The Planned Parenthood Federation of America has launched a national campaign to protest at&t’s decision to withdraw its longstanding support of the federation’s teenage-pregnancy-prevention programs due to Planned Parenthood’s advocacy of abortion rights.
In full-page newspaper advertisements this month and in letters to 600 supporters, Faye Wattleton, the president of the federation, has accused the corporation of bowing to pressure from anti-abortion “fringe groups” and “fanatics.”
“If at&t bows to pressure on a program it claims to be committed to, who will fall next?” she asked.
The federation urged its supporters to write to the company in protest and to donate their at&t stock or proxies to the federation, so that “Planned Parenthood can have a greater influence over the corporation’s policies.”
A spokesman for the corporation’s philanthropic arm last week called Planned Parenthood’s campaign “misleading” and “vicious.”
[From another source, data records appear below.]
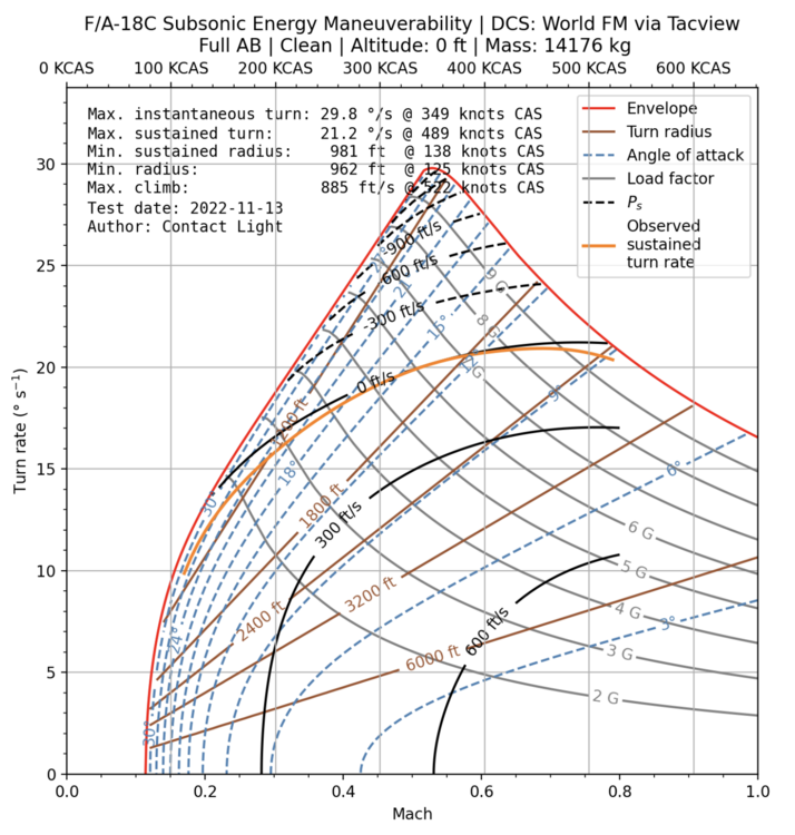 A few things. First. We know this is the case because of many interviews/discussions/comments from pilots who flew these planes. But even more hilariously, you yourself used Wilbur's post when you were talking about your "data" Second. I respect your opinion, but you don't get to have your own facts. Your test method is wrong or you don't know what you're doing. Your post is the one that is sprouting nonsense Here are the graphs made by Contact Light with all the extra information you wanted. Notice how Max instant, Max sustained turn, max sustained radius and min Radius have all F-16 dominated Third. Let's take wilbur81's information above, and we can see that this is not the case for the F16 viper in DCS And don't take it from me. You want more in-game data, here is a video. Finally you're most welcome to try to come on the dogfighters server and try to outrate the hornet
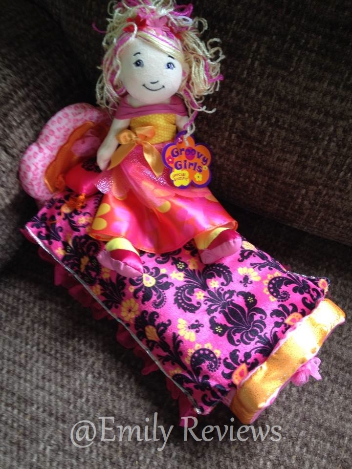 Our daughter recently turned nine years old and enjoys being a “girly girl” as well as getting down and dirty playing outside with her brothers or exploring around the farm. But when she laid eyes on the new Groovy Girls Princess Dahlia and Royally Ritzy Bed, the girly side took over and she jumped right into playing Princess.
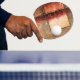 Ethan Harper målade upp det här fantastiska abstraktens röda landskap. Ett rektangulärt indrag skapar en ljusare del av biet. Ett mycket sanguine biet, beställ ditt exemplar i dag!
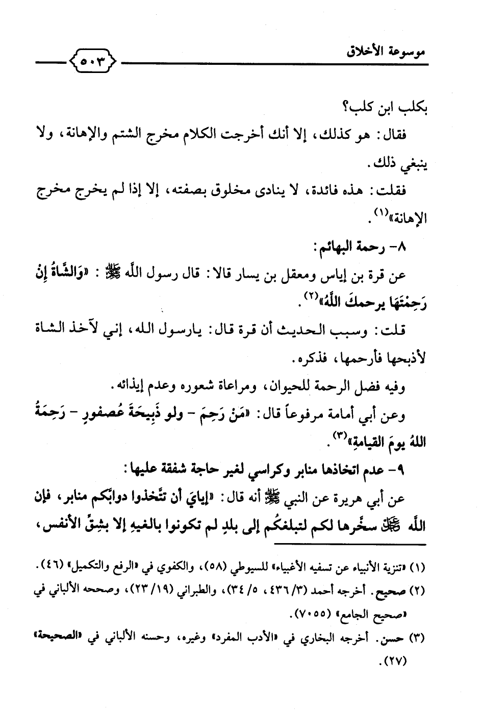 عن قرة بن إياس ومعقل بن يسار قالا: قال رسول الله - صلى الله عليه وسلم -: "وَالشَّاةُ إِن رَحِمْتَهَا يرحمكَ الله" (¬2).
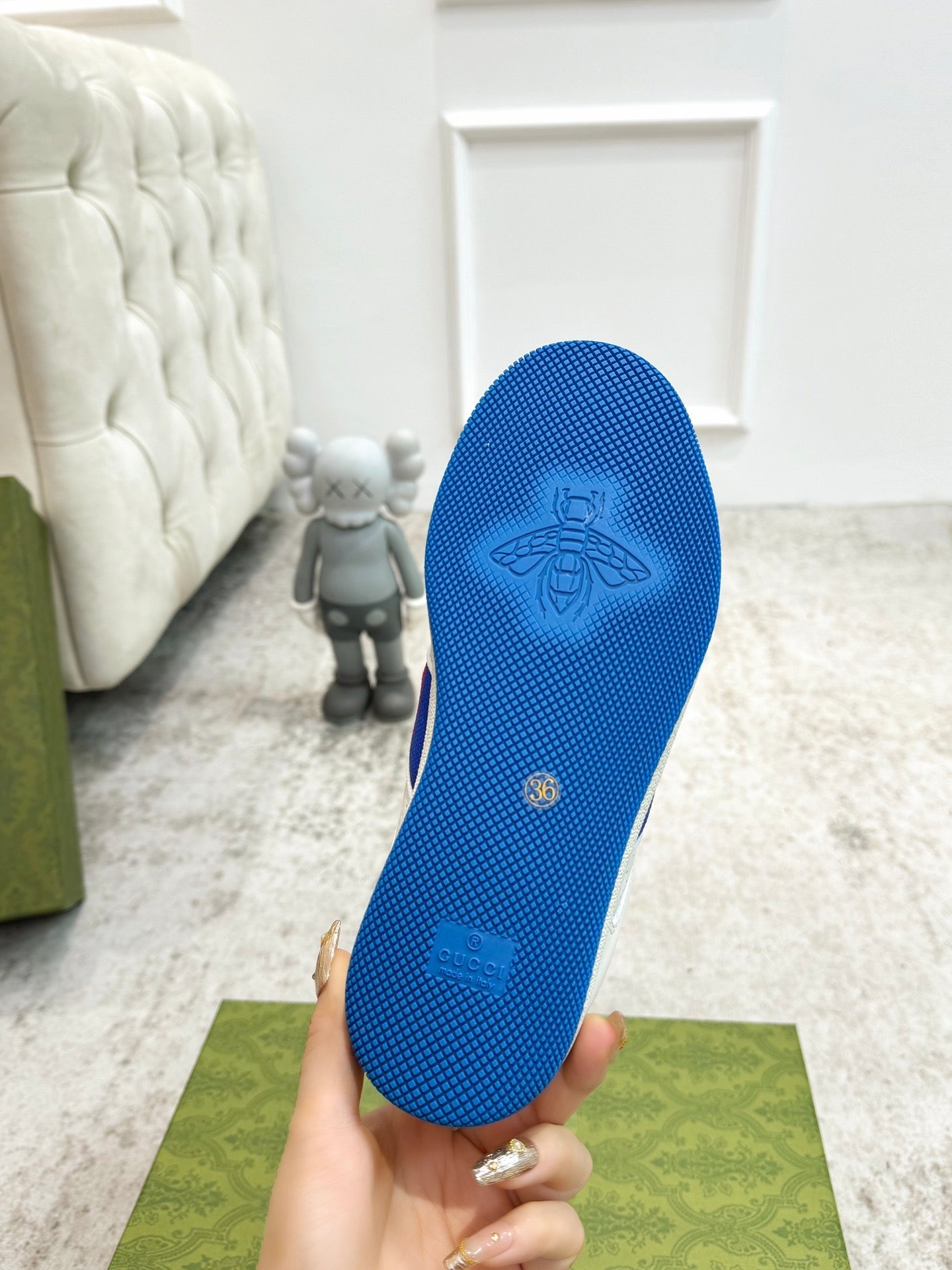 GG Men's Screener Sneaker White Blue Sheepskin 574737

“Eighty percent of our decision was based on our view of the increasingly political nature of that group and its very public stance on one side of the abortion issue,” said the spokesman, Burke Stinson. “The remaining 20 percent was based on the cards and letters and phone calls we were getting from around the country.”
“At&t has never taken a stance on the abortion issue,” he added, “nor should it.”
Corporate Sponsors Targeted
A federation sponsor since the4early 1960’s, the corporation had been expected to donate $50,000 to the group this year.
In recent years, in light of nationwide controversies over the abortion issue, the foundation had asked Planned Parenthood to restrict use of its donations to teenage-pregnancy-prevention programs.
This year, Mr. Stinson said, the money will be used instead to fund ''grassroots” teenage-pregnancy prevention efforts in 10 cities around the country.
The letter-writing campaign that contributed to last month’s decision by the at&t Foundation’s executive board was spurred by the Christian Action Council, an anti-abortion group based in Virginia. The group is conducting similar campaigns directed at other corporate sponsors of the federation.
Anti-abortion supporters have also placed a shareholder resolution on the agenda of the corporation’s April 18 board meeting. It opposes corporate support of any organizations that “endorse, counsel, or perform abortion.”
At&t’s corporate officials have urged shareholders to vote against the proposal.